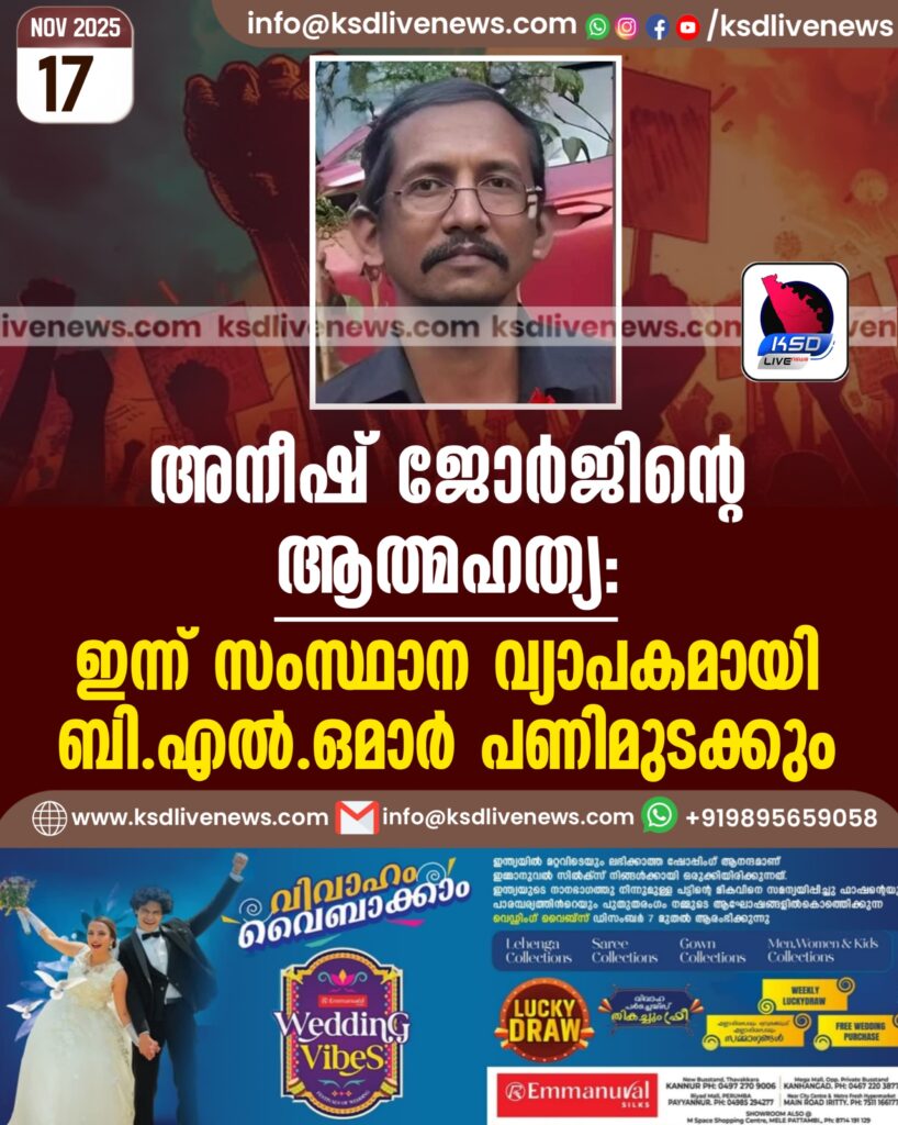 അനീഷ് ജോര്ജിന്റെ ആത്മഹത്യ; ഇന്ന് സംസ്ഥാന വ്യാപകമായി ബിഎല്ഒമാര് പണിമുടക്കും
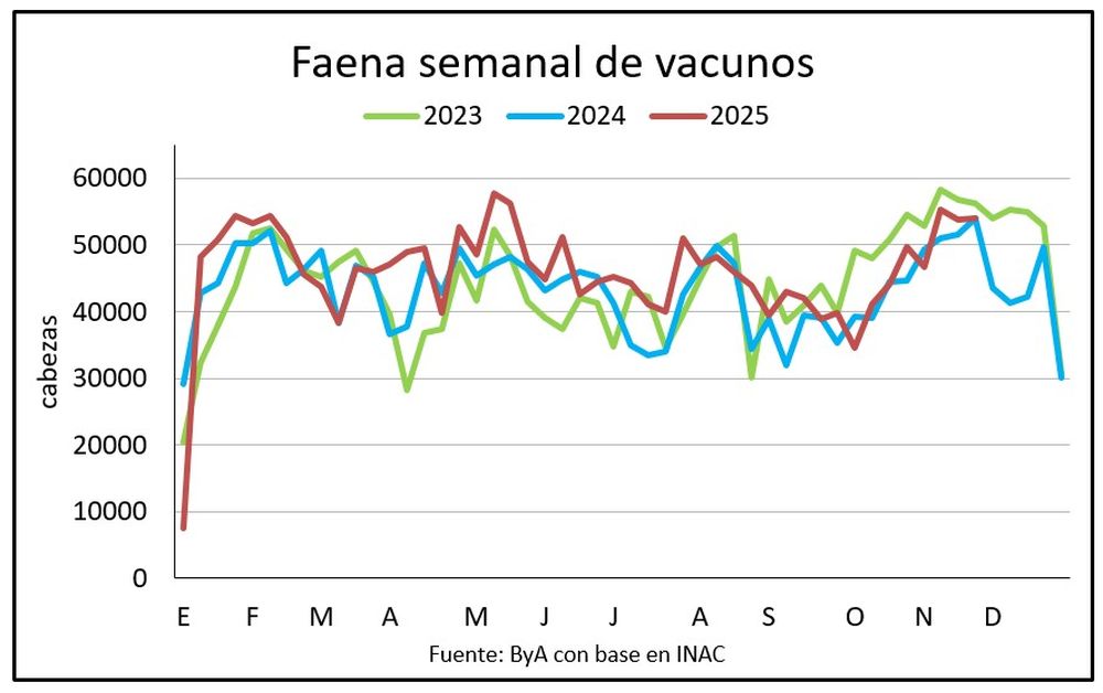La faena se mantuvo similar a la semana anterior, con 53.903 vacunos.
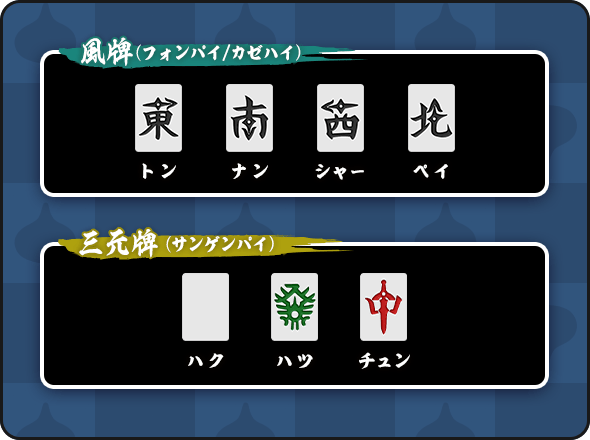 中でも、風牌(フォンパイ/カゼハイ)、三元牌(サンゲンパイ)の2種類に分けられます。
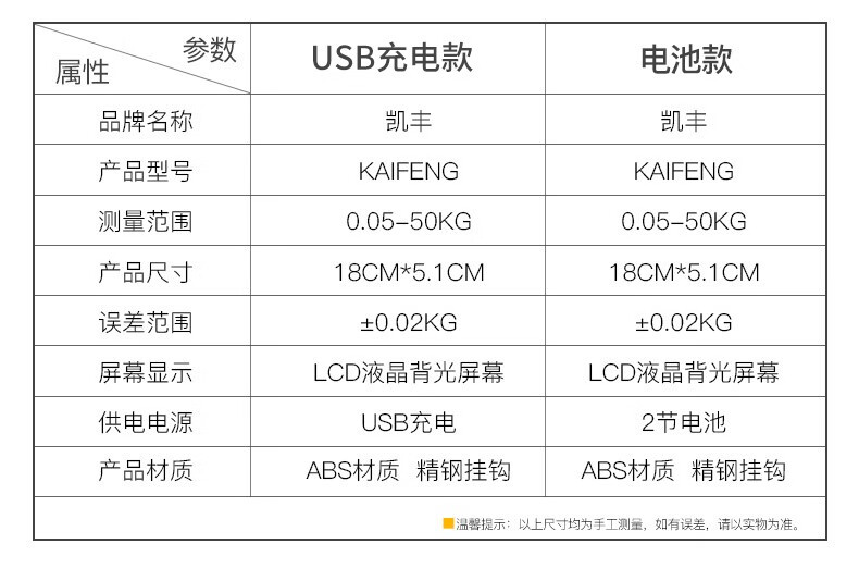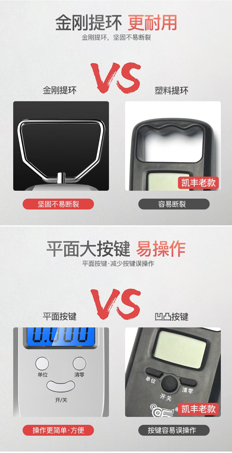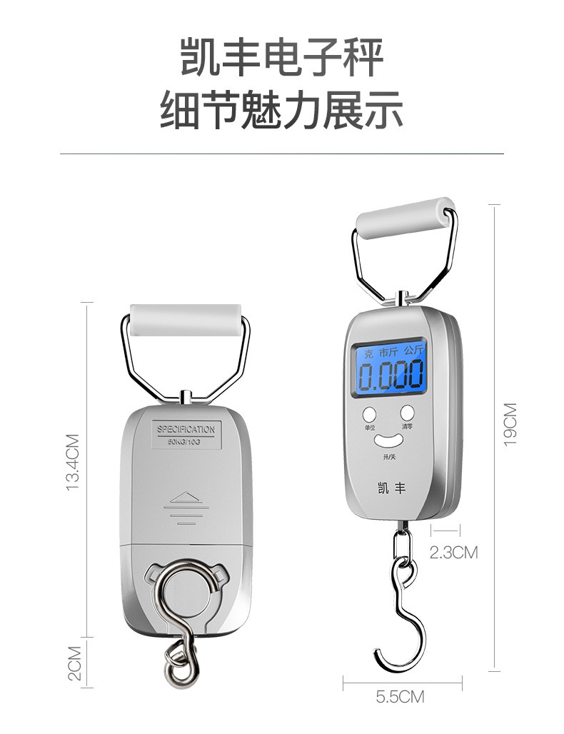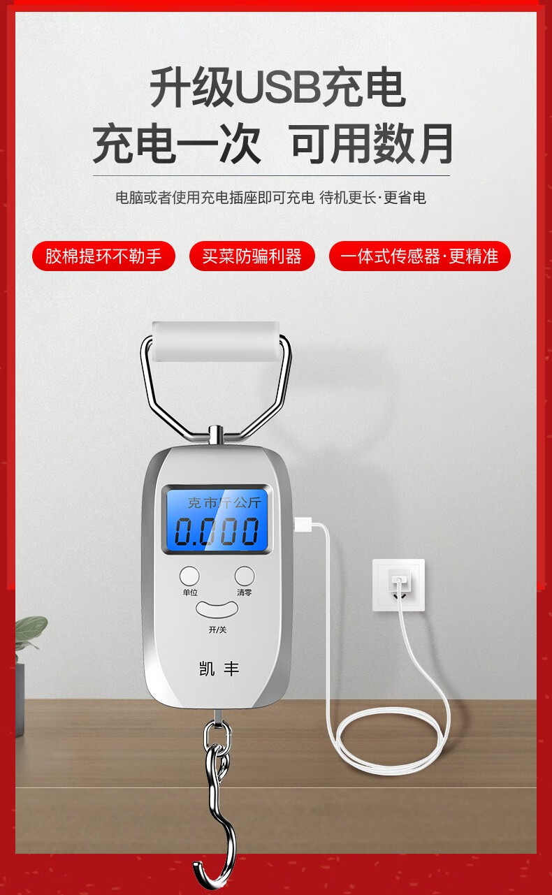 Kaifeng mini portable electronic scale 50kg portable high-precision household express scale spring scale weighing food luggage scale silver 50kg large collodion hand guard + battery

_ _ _ _ _ _ _

_Exercise brief_
Set down the material above exactly as it reads, but not its pictures.

_Expected answer_
 അനീഷ് ജോര്ജിന്റെ ആത്മഹത്യ; ഇന്ന് സംസ്ഥാന വ്യാപകമായി ബിഎല്ഒമാര് പണിമുടക്കും
La faena se mantuvo similar a la semana anterior, con 53.903 vacunos.
 中でも、風牌(フォンパイ/カゼハイ)、三元牌(サンゲンパイ)の2種類に分けられます。
 Kaifeng mini portable electronic scale 50kg portable high-precision household express scale spring scale weighing food luggage scale silver 50kg large collodion hand guard + battery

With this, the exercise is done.